Yeah, that's a good one. No real way of doing that. You'd really need auto ack with more granular options, but presently the application doesn't support that.
If you want you could setup alert throttling to help minimize the flood of alerts. In IPS settings > Sensor Name > Advanced Scanning > Logging and Alerting enable Alert Supression... this would be across the board on all alerts though
So, for example default is 120 seconds. If you see 200 alerts in 120 seconds, list only 1 alert in the Threat Analyzer instead of all of them (but block all of them). Opening the 1 alert in the Threat analyzer shows you the count of alerts supressed in that 120 second span.

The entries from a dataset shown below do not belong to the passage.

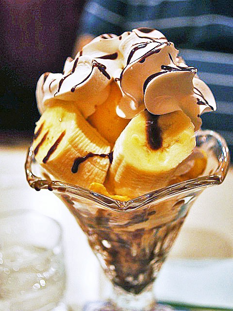 バナナに缶詰みかんにそれからチョコシロップという、どこをどう観察してもチョコレートパフェにしか見えぬ物体…、ニッコリします。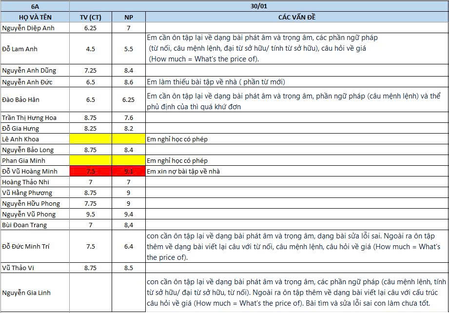THỨ BA NGÀY 20/1/2026 - QLHS LỚP 6A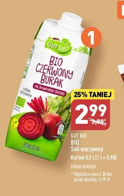 Cena produktu r贸偶ni si臋 w zale偶no艣ci od wybranego sklepu. Niestety nie posiadamy danych o aktualnych promocjach, jednak w艣r贸d archiwalnych ofert Sok z burak贸w Gut bio kosztuje od 2,79 z艂 do 2,99 z艂.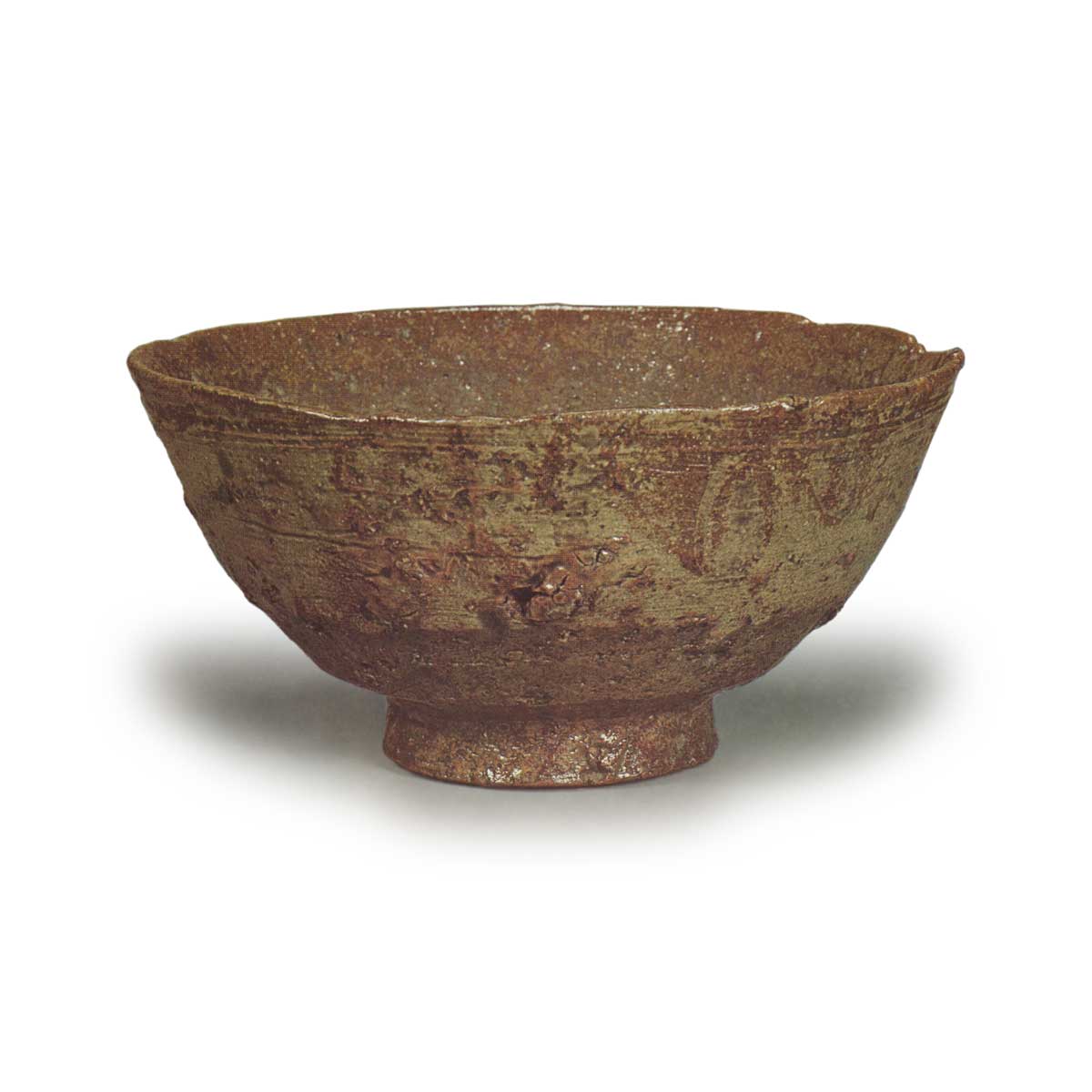 The sand-mixed clay body has fine veins, and among the many stone inclusions, the one on the front is particularly prominent. The tea-stained area is beautifully reddish, and six dots are faintly visible. The high foot is sturdy and well-defined, and the nail carving is a highlight. Judging from the style, this is likely an early Edo-period piece from the vicinity of Busan, reflecting the preferences of tea connoisseurs.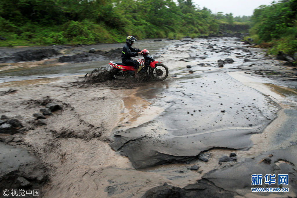 當(dāng)?shù)貢r(shí)間2018年1月27日,菲律賓阿爾拜省,民眾穿過(guò)混合著火山灰的泥漿河。(圖片來(lái)源:視覺(jué)中國(guó))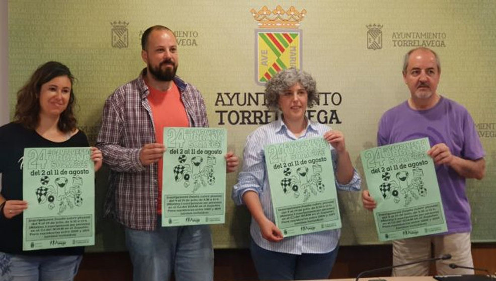 La concejal de Servicios Sociales en funciones, Laura Romano; acompañada por Pablo Blasco, director de la Fundación Amigó en Cantabria; y por Blanca Díez y Adolfo Díaz; ha presentado el XXIV Campamento Urbano ‘Veranea en tu ciudad’ que organiza esta Fundación y que se celebrará del 2 al 11 de agosto por toda la ciudad.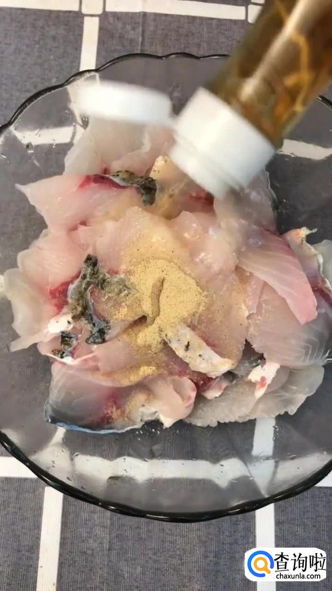 接着加入适量的盐,十三香和料酒把鱼肉抓匀,如下图所示。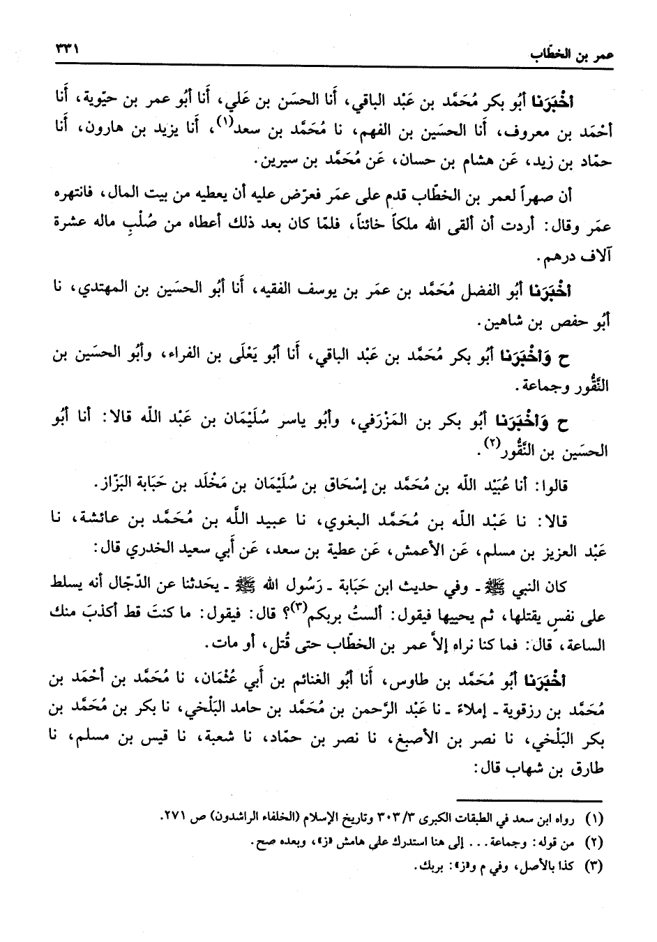 (1) رواه ابن سعد في الطبقات الكبرى 3 / 303 وتاريخ الاسلام (الخلفاء الراشدون) ص 271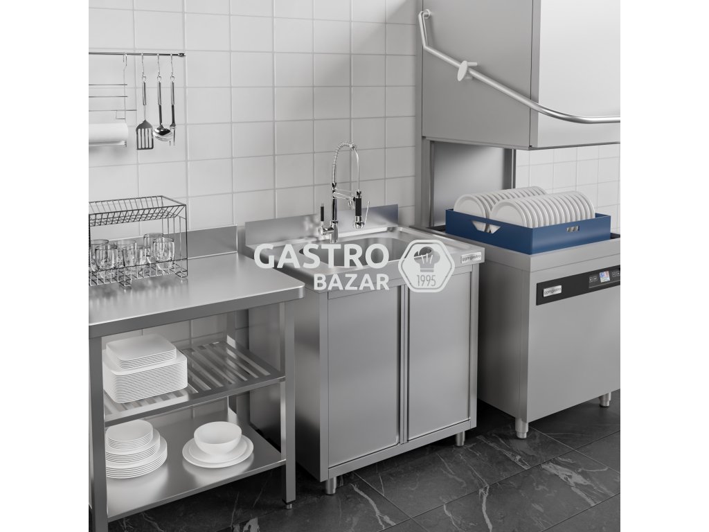 Nerezový dřez s dveřmi - 0,8 m - 1 dřez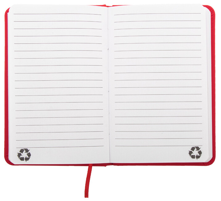 Blok potažený recyklovanou PU kůží se 100 linkovanými listy z recyklovaného papíru. Se záložkou v odpovídající barvě a gumičkou. Velikost A6.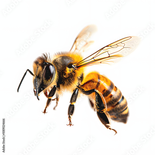 a stunning bee is flying, isolated on , macro, incredible pollinator with a white accent, png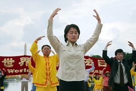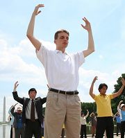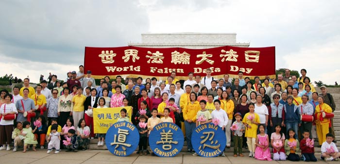 【明慧网2006年5月15日】五月十三日,部份华府大法弟子在象征着自由与人权的林肯纪念堂前以集体炼功与图片展的方式庆祝世界法轮大法日,恭贺慈悲伟大的师父生日快乐,同时向人们展现大法的美好与真相。优美的炼功音乐和祥和的能量场吸引了许多东西方游人的注目,许多人拿起手中的相机摄下这特殊的景致。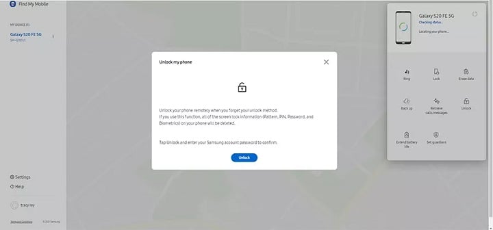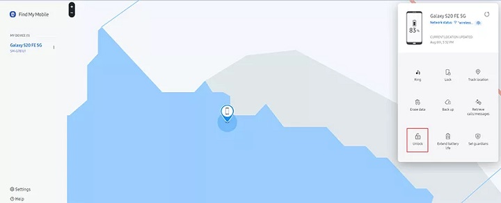 步骤2:然后单击“查找我的手机”选项,然后单击锁定的三星手机。从列表中选择“解锁”。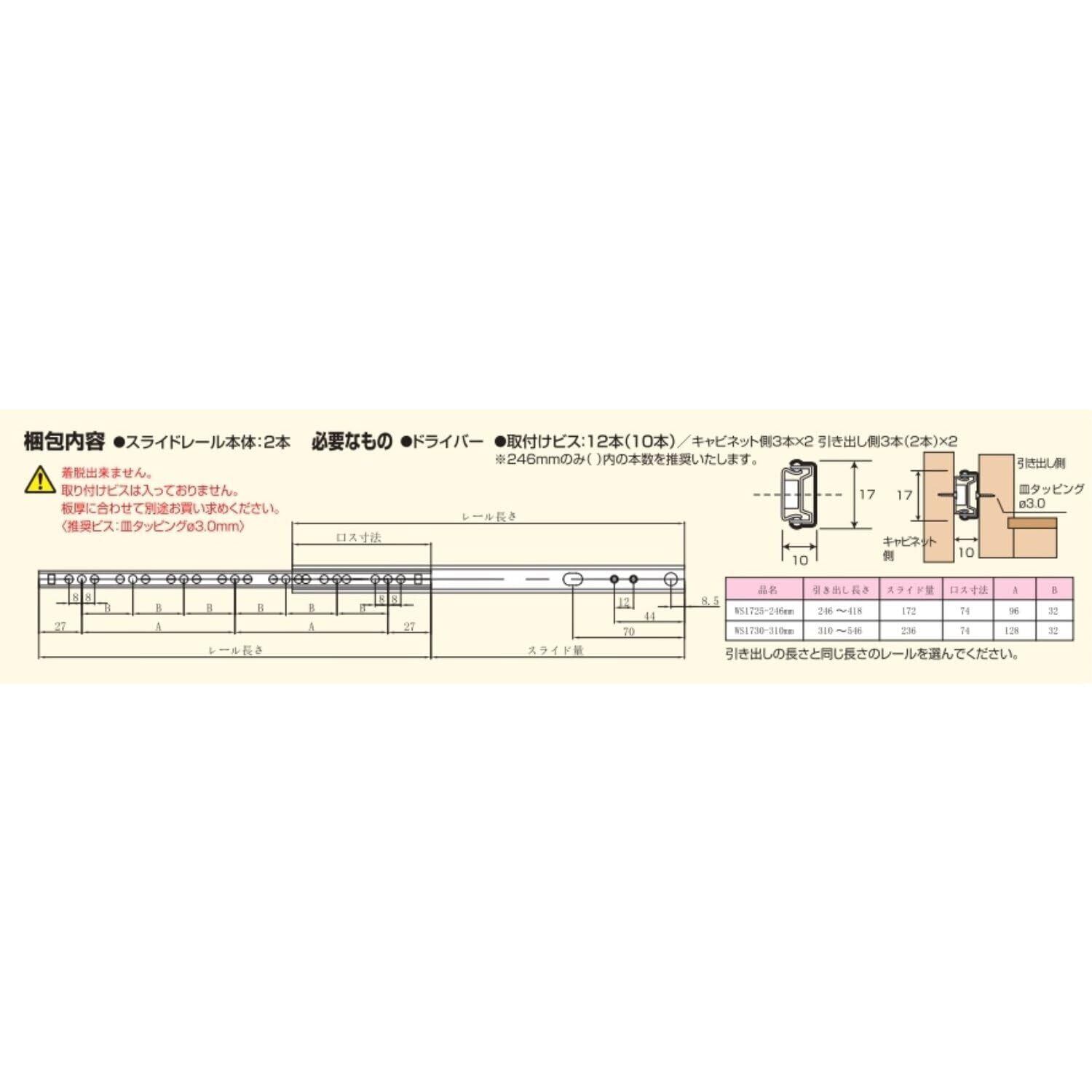 注意:引き出しの長さと同じ長さのレールを選んでください。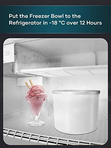 - 20-min Quick Make: Place the pre-frozen bowl in the refrigerator for 12 hours at -18Β°C freezing temperature. The next day, You can make a delicious ice cream just 20 min. and you will adore this summer.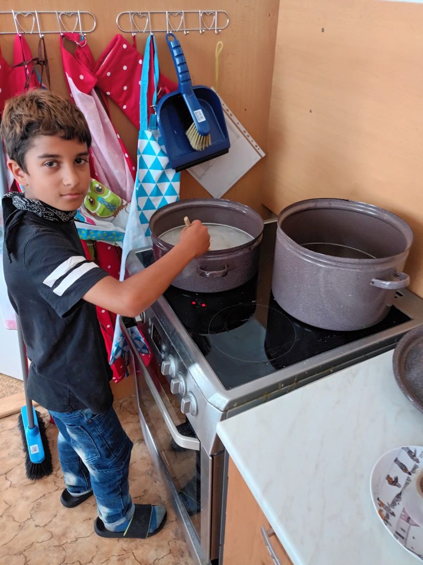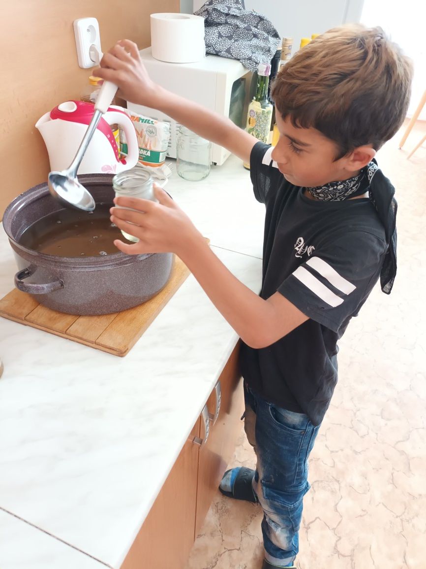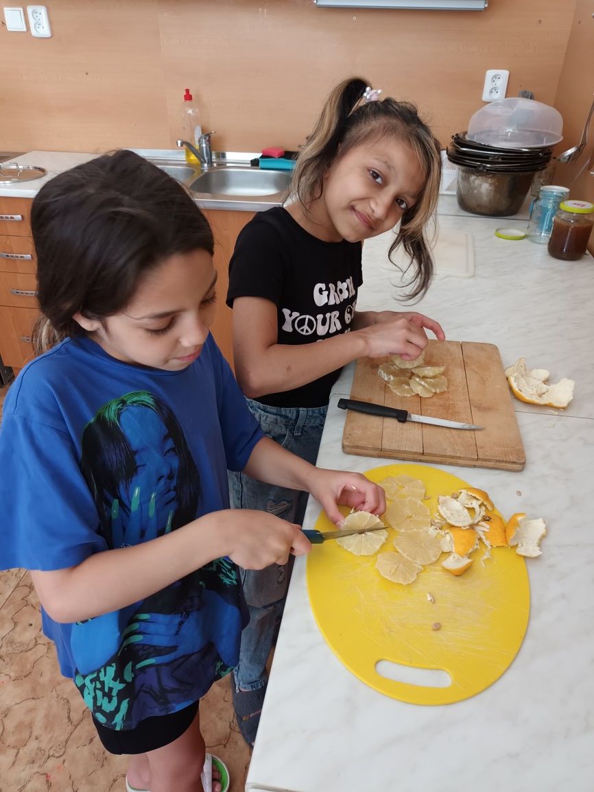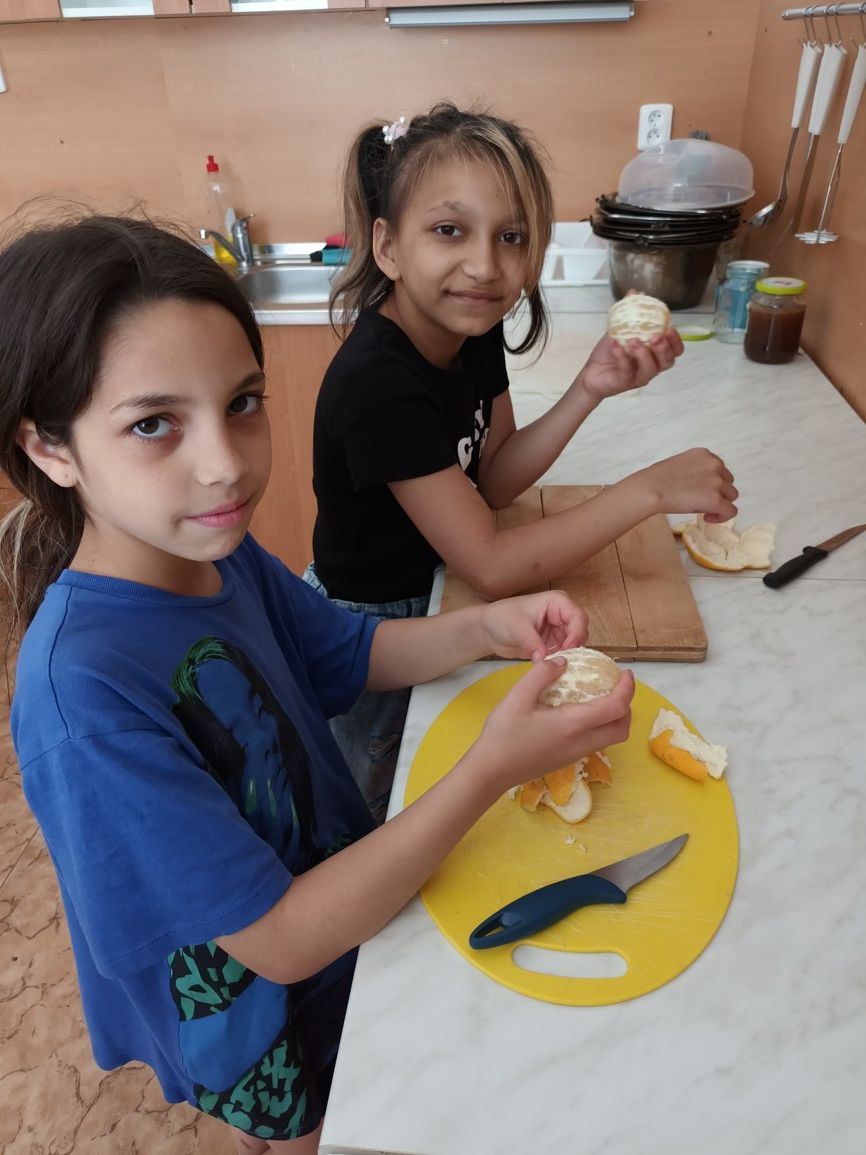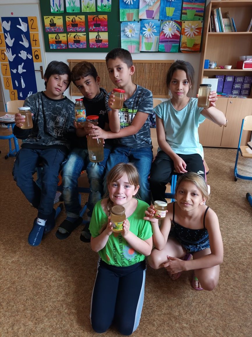 Ve středu 8.6. jsme se rozhodli vyrazit na sběr bezových květů a uvařit si z nich bezovou šťávu. Květy jsme natrhali, ve škole nastříhali do hrnce a přidali citrony a kyselinu citronovou. Další den, ve čtvrtek 9.6., jsme vše přecedili, vymačkali přes plátýnko do hrnce, přidali cukr a lehce povařili. Hotovou šťávu jsme nalili do skleniček, které si děti odnesly domů.

Thanks for confirming! I thought that may be the case, and I had also looked at the alert throttling. I think the key word you have used above is granular, with respect to both alert filtering and supression. Not wanting to big up other vendors (From a technical perspective I believe McAfee is still at the front, and Gartner also agree!), but from an operational perspective I dont tend to see clients getting as much out of this product range as would be possible with granular options. Cisco (although I havent worked with their 42xx for a while) have supression options for each alert, and the attack filters contain settings that let you pick exactly what you want to filter out (eg remove alert, remove log, dont block, block) etc. Would it be helpful if I raise a PER? I like the McAfee sensors, and would love to see them raise there game when it comes to assisting with day to day operations for clients.